NCE is a form of economics which set out to destroy the Site Revenue
debate (so popular under the advocacy of Henry George a century ago)
by ignoring sites as a separate factor in production, and instead
conflating sites with currency savings, machinery, buildings etc. as
just another form of capital. For a shortsighted century, economists
who perceived the truth have been howled down by peer pressure and
sacked.
This manipulation has fostered private profit out of resource
extraction and environmental abuse (ignoring responsibility to
inter-generational equity), perpetuated a down-trodden class of the
poor & welfare-dependent, and prevented folk having access to
land, so causing unemployment throughout the nations. Absent is the
solid anchoring of steady land prices & employment. Speculation in
land-price inflates artificial bubbles which burst, creating regular
cycles of boom-bust economy. Financial Institutions become forced to
make advances on the temporary, artificial, fallible & unreliable
security of sites.
The Site Revenue proposal threatens vested interests. These include
the 10% who control 90% of the wealth -- a control which is almost
entirely due to the private pocketing of site values. Also threatened
are many politicians, bankers, lawyers, accountants, welfare
dependents unwilling to shift for themselves, social workers, media
proprietors and bureaucrats, all of whom are basically parasites upon
disunity and have a vested interest in perpetuating it. The test &
evidence of this can be seen in the total and deliberate exclusion of
the Site Revenue analysis from national tax summits (e.g. that of RJ
Hawke in 1985), from the mainstream media, from school & most
university courses, and from the invariable refusal of any expert to
argue publicly against it. You will never see a refutation of this
Site Revenue analysis. At most it will be met with shameful silence.

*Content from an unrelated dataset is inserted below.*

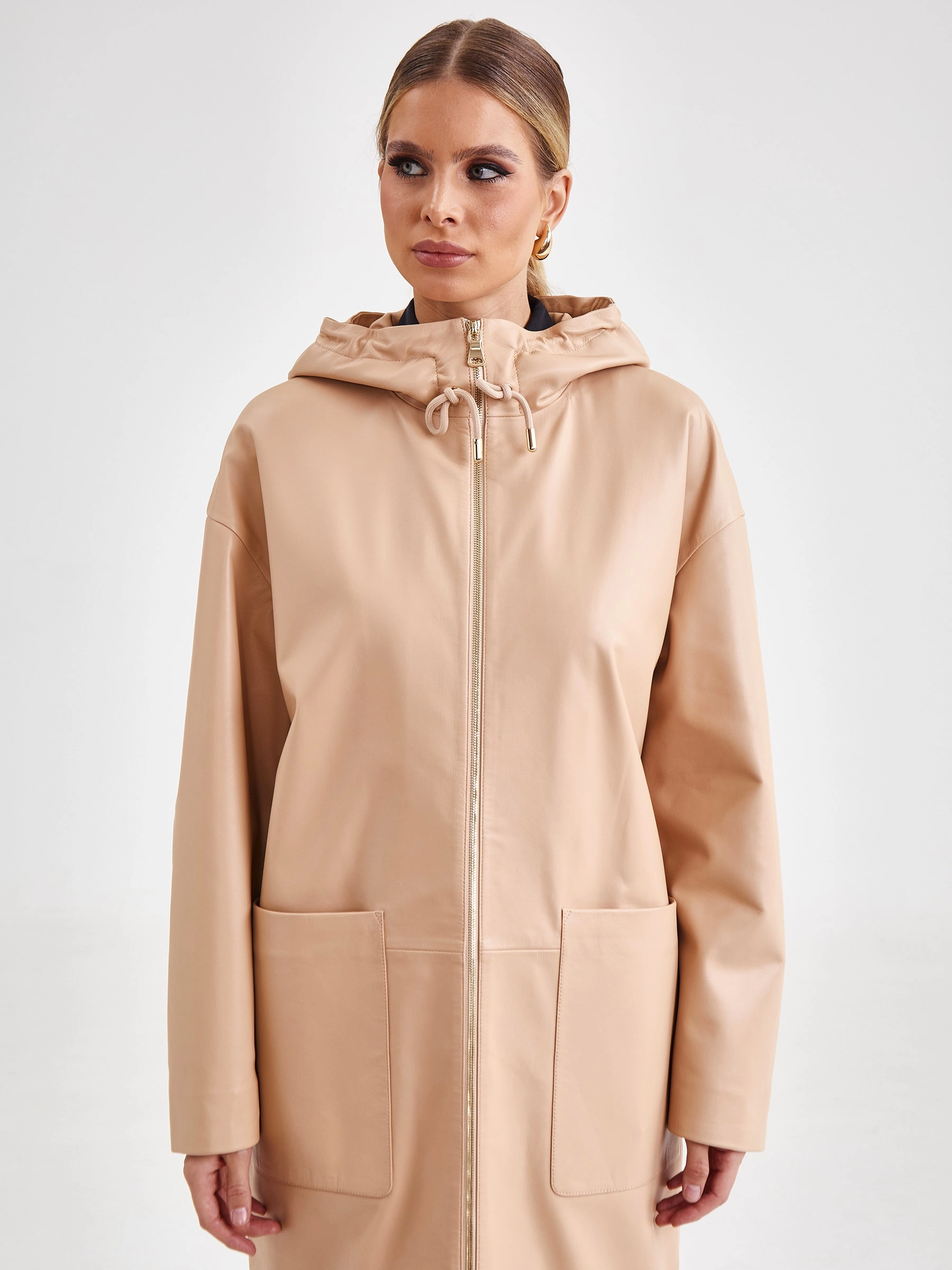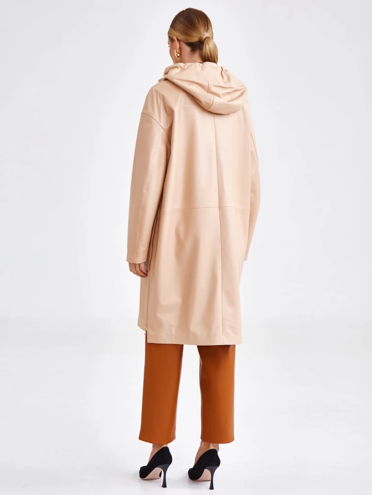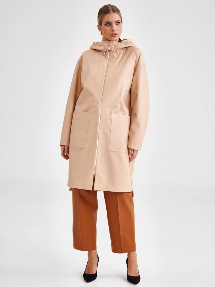 Кожаный женский плащ с капюшоном на молнии премиум класса 3034, бежевый, размер 48, артикул 91941

Site Revenue was a household concept a century ago, but confusion of
debate by academics and a burying of the analysis by both wings of
politics (lest it do them out of a job) has almost erased it from
popular awareness. Collection of the unearned increment in site values
('capital gain') was a salient theme during the formative years of ALP
politics in the 1890's, indeed its total collection was ALP policy and
in 1910 the Fisher Labor Government was actually elected to office on
the sole issue of taxation of unimproved land values. Unfortunately,
worker-wavering over the viability of free trade (a concomitant of
Site Revenue) and political pandering to workers' fears and the middle
class, saw the introduction of "thresholds" and the gradual
demise of the message in Labor ranks. Workers' fears were that the
Site Revenue would fall heavily on their little lots and that the rich
man's large income would escape unscathed: in fact, these fears are
what the rich man desires most, for his swollen income arises from
site monopoly in the first place. After the 1993 Federal Labor
conference the truncated remnants of Site Revenue (then called land
value taxation) was removed from the ALP policy reprint, without
debate or formal resolution but probably by secretarial mistake, and
it has never been reinstalled. Perversion of the Site Revenue concept
within the ALP demonstrates one of the great dangers of democracy:
that unprincipled individuals will wish to dominate big parties and
will tell the masses whatever they wish to hear, not the truth.